### YOUR OBJECTIVE:
Copy out the listing that follows, exact in every word, and skip the images.

### THE DATA:
/---
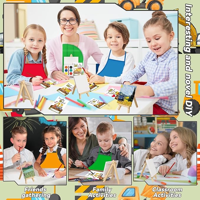 - All-Inclusive Paint Party Supplies: you will get 24 monster truck cards, 24 small canvases, 24 sturdy small easels, 24 watercolor paint sets, 24 multi-colored aprons tailored for children, and 24 gift bags. You can put them in the bags and give them to beginner artists
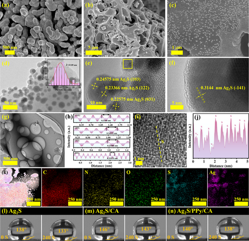 (l-n) 接触角测试表明Ag₂S/PPy/CA具有140°接触角,疏水性稳定性显著提升。
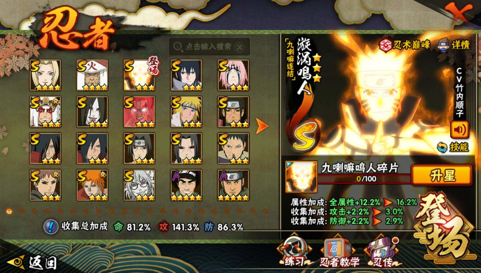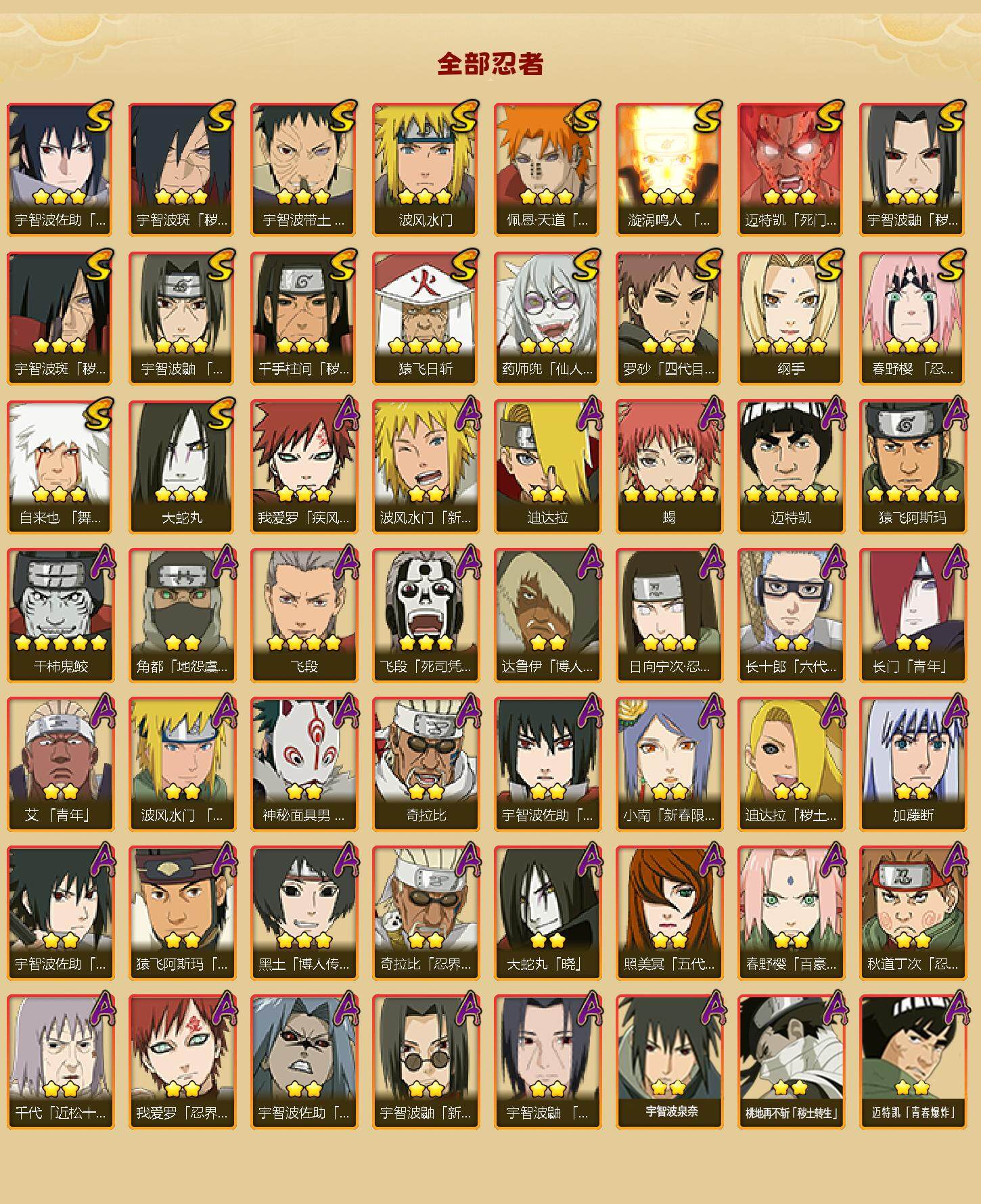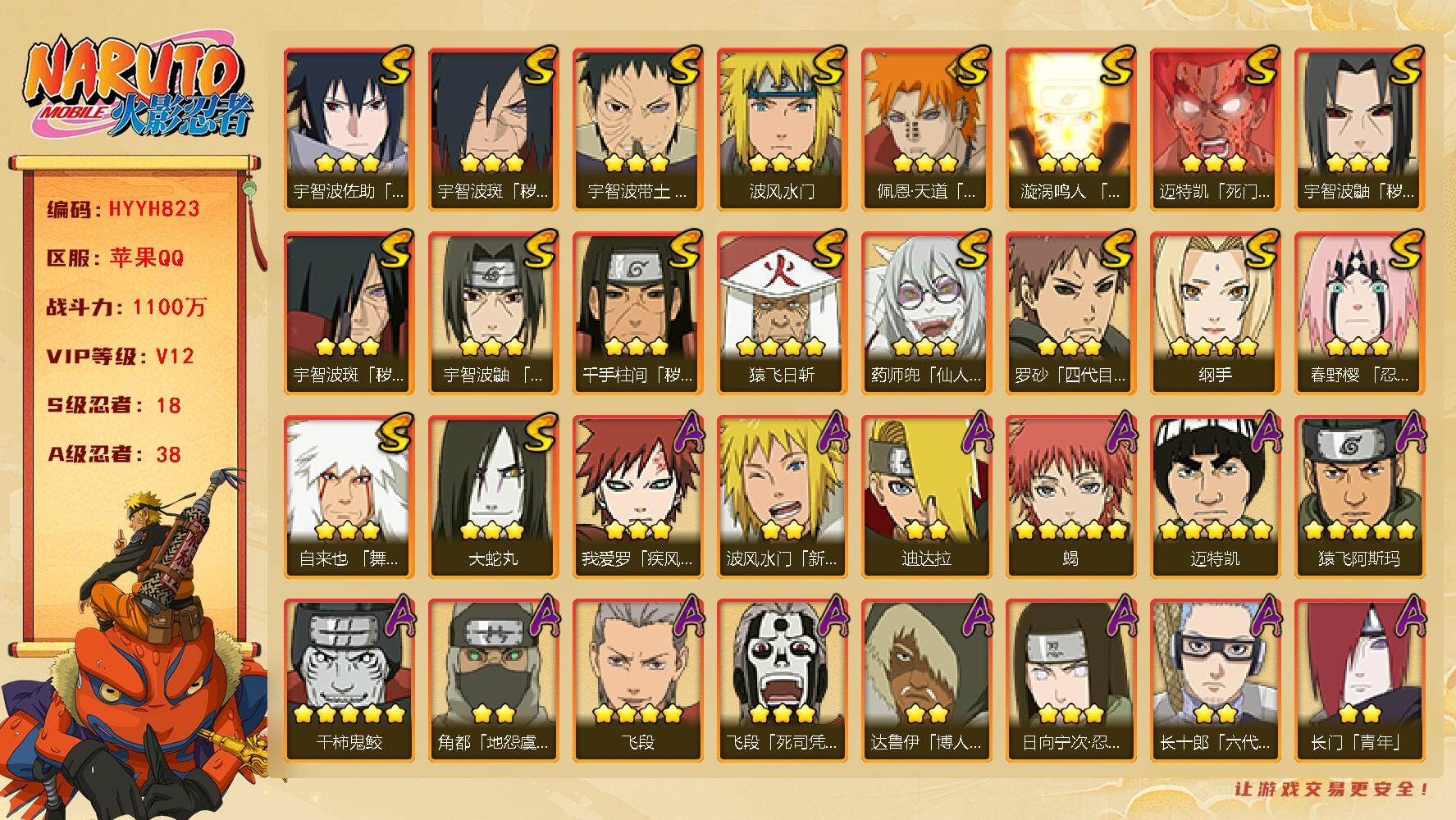 【hyyh823】v12/战力1100w/s忍18/a忍38/3星宇智波斑「秽土转生」/2星波风水门「新春限定」/2星达鲁伊「博人传」/5星猿飞阿斯玛/5星蝎/2星照美冥「五代目水影」/5星迈特凯/2星宇智波鼬「新春限定」/3星日向宁次「忍界大战」/2星奇拉比「忍界大战」/2星神秘面具男「忍者之路」/3星罗砂「四代目风影」/3星药师兜「仙人模式」/2星长十郎「六代目水影」/2星桃地再不斩「秽土转生」/2星春野樱「百豪」/4星纲手/3星迈特凯「死门」/3星佩恩·天道「超」/2星迪达拉「秽土转生」/3星飞段「死司凭血」/3星春野樱「忍界大战」/2星宇智波佐助「万花筒写轮眼」/2星我爱罗「忍界大战」/2星迪达拉/2星大蛇丸「晓」/3星宇智波佐助「永恒万花筒」/3星宇智波鼬「秽土转生」/2星长门「青年」/2星宇智波佐助「疾风传咒印」/3星宇智波带土「忍界大战」/2星角都「地怨虞」/3星波风水门/3星漩涡鸣人「九喇嘛连结」/2星秋道丁次「忍界大战」/3星千手柱间「秽土转生」/3星我爱罗「疾风传」/2星波风水门「青年」/3星自来也「舞之豪杰」/3星黑土「博人传」/2星小南「新春限定」/4星飞段/2星奇拉比/2星宇智波鼬「夏日限定」/2星加藤断/2星宇智波泉奈/4星猿飞日斩/3星大蛇丸/3星宇智波斑「秽土转生·解」/2星艾「青年」/2星迈特凯「青春爆炸」/2星宇智波佐助「须佐能乎」/2星猿飞阿斯玛「七夕限定」/5星干柿鬼鲛/2星千代「近松十人卫」/3星宇智波鼬「须佐能乎」
\---
### TASK RESPONSE:
 - All-Inclusive Paint Party Supplies: you will get 24 monster truck cards, 24 small canvases, 24 sturdy small easels, 24 watercolor paint sets, 24 multi-colored aprons tailored for children, and 24 gift bags. You can put them in the bags and give them to beginner artists
 (l-n) 接触角测试表明Ag₂S/PPy/CA具有140°接触角,疏水性稳定性显著提升。
 【hyyh823】v12/战力1100w/s忍18/a忍38/3星宇智波斑「秽土转生」/2星波风水门「新春限定」/2星达鲁伊「博人传」/5星猿飞阿斯玛/5星蝎/2星照美冥「五代目水影」/5星迈特凯/2星宇智波鼬「新春限定」/3星日向宁次「忍界大战」/2星奇拉比「忍界大战」/2星神秘面具男「忍者之路」/3星罗砂「四代目风影」/3星药师兜「仙人模式」/2星长十郎「六代目水影」/2星桃地再不斩「秽土转生」/2星春野樱「百豪」/4星纲手/3星迈特凯「死门」/3星佩恩·天道「超」/2星迪达拉「秽土转生」/3星飞段「死司凭血」/3星春野樱「忍界大战」/2星宇智波佐助「万花筒写轮眼」/2星我爱罗「忍界大战」/2星迪达拉/2星大蛇丸「晓」/3星宇智波佐助「永恒万花筒」/3星宇智波鼬「秽土转生」/2星长门「青年」/2星宇智波佐助「疾风传咒印」/3星宇智波带土「忍界大战」/2星角都「地怨虞」/3星波风水门/3星漩涡鸣人「九喇嘛连结」/2星秋道丁次「忍界大战」/3星千手柱间「秽土转生」/3星我爱罗「疾风传」/2星波风水门「青年」/3星自来也「舞之豪杰」/3星黑土「博人传」/2星小南「新春限定」/4星飞段/2星奇拉比/2星宇智波鼬「夏日限定」/2星加藤断/2星宇智波泉奈/4星猿飞日斩/3星大蛇丸/3星宇智波斑「秽土转生·解」/2星艾「青年」/2星迈特凯「青春爆炸」/2星宇智波佐助「须佐能乎」/2星猿飞阿斯玛「七夕限定」/5星干柿鬼鲛/2星千代「近松十人卫」/3星宇智波鼬「须佐能乎」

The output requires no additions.